Но ни в тот день, ни на следующий никого, кроме стада, пастушат и возов, она не увидела на дороге. Никто не взглянул даже в сторону замка. Анна ходила от окна к окну, но вокруг было пустынно и дико. Вечером какой-то мальчуган в лохмотьях рвал траву возле стены. Графиня бросила ему чудом уцелевшую монетку и, высунувшись из окна, тихо спросила, как называется замок. Ребенок, словно не понимая, чего от него хотят, долго молчал, но, наконец, еле слышно пробормотав: «Носсен», – в испуге убежал.
Название как будто знакомое, и в то же время оно мало что говорило Анне. Правда, теперь она знала, что находится где-то в окрестностях Дрездена и Мейсена. Анна Козель, которая освободила Бейхлинга, его братьев и сторонников, облегчила участь Бетгера, оказалась в еще худшем положении, чем они. И не было никого на свете, кто бы хотел или мог освободить ее из неволи. Опять промельнула мысль о Заклике, но что он мог один против стражей короля и высоких стен.
На третий день, как обычно задумчиво глядя в окно, графиня увидела вдруг на дороге всадника, который медленно ехал со стороны Дрездена. Опустив поводья, всадник с любопытством оглядывал окрестность, потом поднял глаза к замку и, казалось, нарочно придержал коня, словно ища кого-то глазами. На нем была серая епанча, и по лицу желтому, изможденному Анна тотчас узнала своего верного Заклику. Вздрогнув, она замахала белым платком. Всадник тоже достал платок, будто отирая пыль с лица, он давал ей понять, что видит ее.
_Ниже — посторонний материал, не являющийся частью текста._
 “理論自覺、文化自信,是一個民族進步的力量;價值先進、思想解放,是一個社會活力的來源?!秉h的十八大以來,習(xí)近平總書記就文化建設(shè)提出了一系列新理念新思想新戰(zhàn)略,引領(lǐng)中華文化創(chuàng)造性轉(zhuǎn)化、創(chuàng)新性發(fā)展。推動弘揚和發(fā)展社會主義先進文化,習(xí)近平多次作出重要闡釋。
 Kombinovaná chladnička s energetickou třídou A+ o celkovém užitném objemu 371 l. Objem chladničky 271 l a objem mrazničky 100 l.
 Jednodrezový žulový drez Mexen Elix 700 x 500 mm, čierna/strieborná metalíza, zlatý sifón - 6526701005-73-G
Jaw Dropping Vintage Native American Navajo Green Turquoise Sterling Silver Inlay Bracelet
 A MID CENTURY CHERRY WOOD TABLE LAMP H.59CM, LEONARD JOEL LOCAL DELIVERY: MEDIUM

Да, это был Заклика. Анна еще издали узнала его по осанке и движениям. Сердце колотилось в груди. Хоть одна душа помнит о ней, хочет ее спасти. Всадник, оглядываясь на замок, медленно продвигался вперед, пока не скрылся за откосом горы.
После отъезда графини Заклика задержался на несколько дней в Галле. Он выжидал: хотел узнать, куда ее повезут, и последовать за ней. Однако пруссаки приказали ему убираться из города. Тогда Заклика, переодевшись, отправился в Дрезден и явился прямо к Леману. Увидев его, банкир побледнел от страха, запер все двери и не успокоился, прежде чем не удостоверился, что Заклика ни с кем в Дрездене не виделся, не разговаривал и для виду даже оставил службу у графини. Однако долго он еще не мог вымолвить ни слова, а когда заговорил, казалось, страшился даже звука собственного голоса.
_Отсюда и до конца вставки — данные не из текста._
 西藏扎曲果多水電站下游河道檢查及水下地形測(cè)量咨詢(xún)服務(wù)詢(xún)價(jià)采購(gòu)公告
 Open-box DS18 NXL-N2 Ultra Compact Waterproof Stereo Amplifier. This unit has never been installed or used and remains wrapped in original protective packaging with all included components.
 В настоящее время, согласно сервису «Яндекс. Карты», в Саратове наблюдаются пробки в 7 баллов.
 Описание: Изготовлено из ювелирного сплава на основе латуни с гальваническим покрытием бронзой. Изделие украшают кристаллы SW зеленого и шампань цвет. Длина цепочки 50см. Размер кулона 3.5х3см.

– Как до этого дошло, – начал Леман, – и кто виновник ее бед, понять трудно, одно только безусловно, теперь несчастьям ее не будет конца. Король разгневан, а королевский гнев страшен и неумолим. Когда король просто зол, это быстро проходит, но оскорблений он никому не прощает. Графиня Козель погибла!
Заклика молча слушал.
– Да, она погибла, – продолжал Леман. – Причинив кому-нибудь зло, король преследует свою жертву и ни за что не допустит пред свои ясные очи. Графиня Козель отказалась вернуть письменное обещание, и король ей этого не простит. Левендалю приказано конфисковать все ее имущество: деньги, драгоценности, имения. Пильниц забрали, другие именья тоже. Король отдал приказ разыскать и переписать все, что ей принадлежало, якобы для того, чтобы спасти состояние для детей, а ей отрезать все пути к побегу и отмщению.
Леман придвинулся вплотную к Заклике.
– У меня тоже забрали все. Явились по поручению короля, противиться было бессмысленно, книги подтверждали.
– Как? Все забрали! Но не ту тайную сумму, что графиня велела мне взять?
Заклика достал зашитую в рукаве записку и протянул банкиру, который взял ее дрожащими руками.
– А ведомо ли вам, – пролепетал он, – что было бы с нами, если бы кто-нибудь узнал об этой записке и деньгах? Меня заточили бы в Кенигштейн, а мои дети пошли бы побираться. Флемминг, Левендаль и прочие не упустили бы случая запустить руку в мой железный сундук.